[Items from a data source]

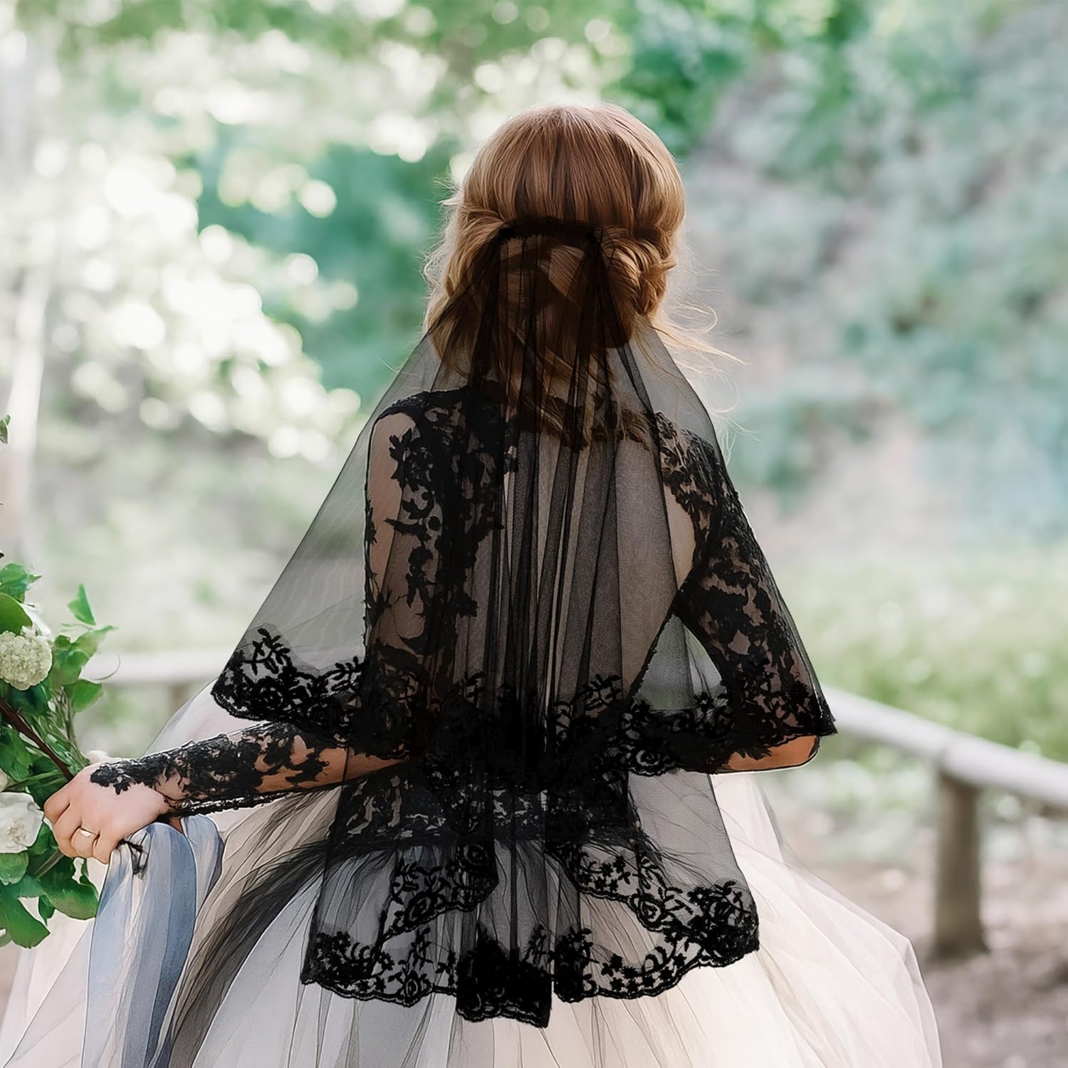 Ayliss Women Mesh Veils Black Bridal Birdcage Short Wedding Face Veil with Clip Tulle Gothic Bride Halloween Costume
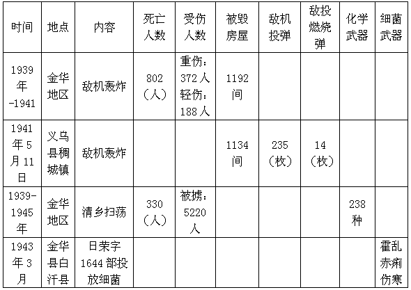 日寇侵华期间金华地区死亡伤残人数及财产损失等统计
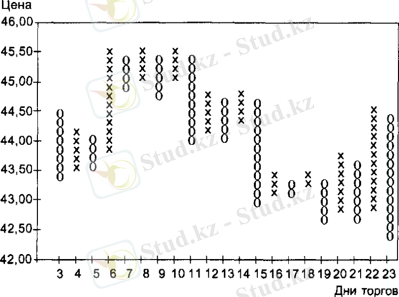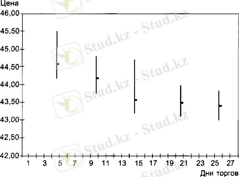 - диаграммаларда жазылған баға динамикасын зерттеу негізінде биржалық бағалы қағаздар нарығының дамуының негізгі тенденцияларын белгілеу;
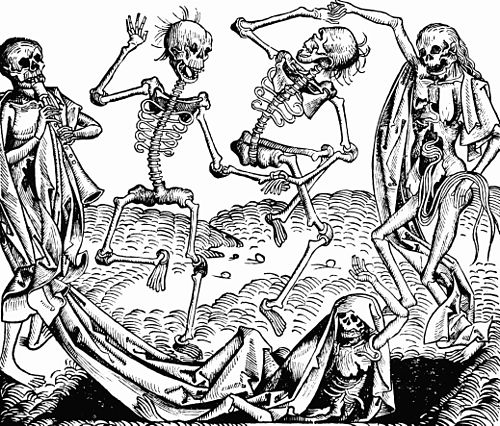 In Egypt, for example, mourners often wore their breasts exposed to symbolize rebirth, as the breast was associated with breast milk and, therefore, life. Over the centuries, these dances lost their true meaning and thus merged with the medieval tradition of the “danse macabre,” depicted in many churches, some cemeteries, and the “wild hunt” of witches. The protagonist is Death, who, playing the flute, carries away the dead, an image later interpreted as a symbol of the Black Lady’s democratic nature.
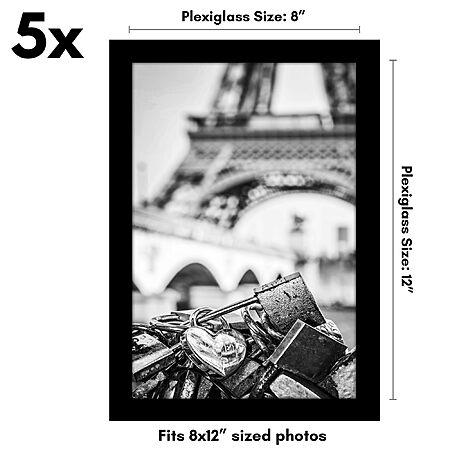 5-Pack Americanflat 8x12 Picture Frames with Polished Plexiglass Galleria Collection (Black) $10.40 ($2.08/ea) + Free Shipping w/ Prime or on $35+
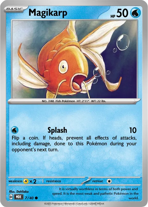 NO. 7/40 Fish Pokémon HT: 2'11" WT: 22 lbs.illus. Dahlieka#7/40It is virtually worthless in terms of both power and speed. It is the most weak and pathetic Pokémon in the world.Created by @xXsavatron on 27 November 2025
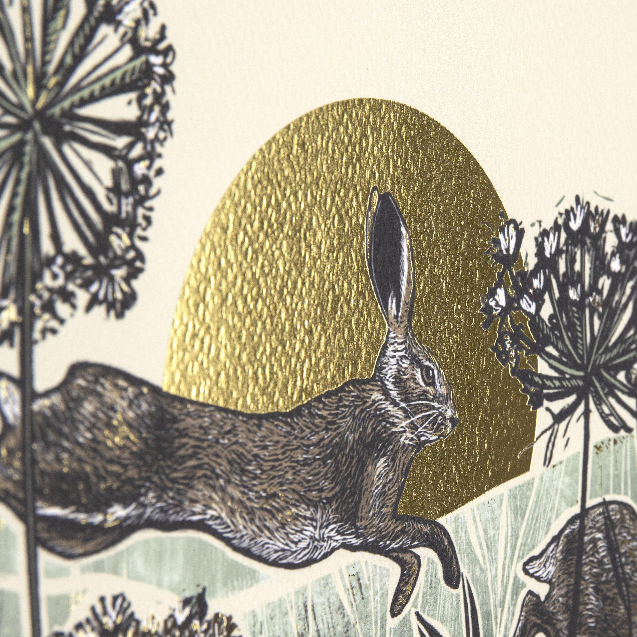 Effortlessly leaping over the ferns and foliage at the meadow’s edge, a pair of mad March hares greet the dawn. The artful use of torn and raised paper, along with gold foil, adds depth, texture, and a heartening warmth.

> **Task prompt**: For this exercise, copy each line of the data above exactly, from the first through the line containing "- диаграммаларда жазылған", and drop the pictures.

> **Answer to this exercise**:
 Ayliss Women Mesh Veils Black Bridal Birdcage Short Wedding Face Veil with Clip Tulle Gothic Bride Halloween Costume
 日寇侵华期间金华地区死亡伤残人数及财产损失等统计
 - диаграммаларда жазылған баға динамикасын зерттеу негізінде биржалық бағалы қағаздар нарығының дамуының негізгі тенденцияларын белгілеу;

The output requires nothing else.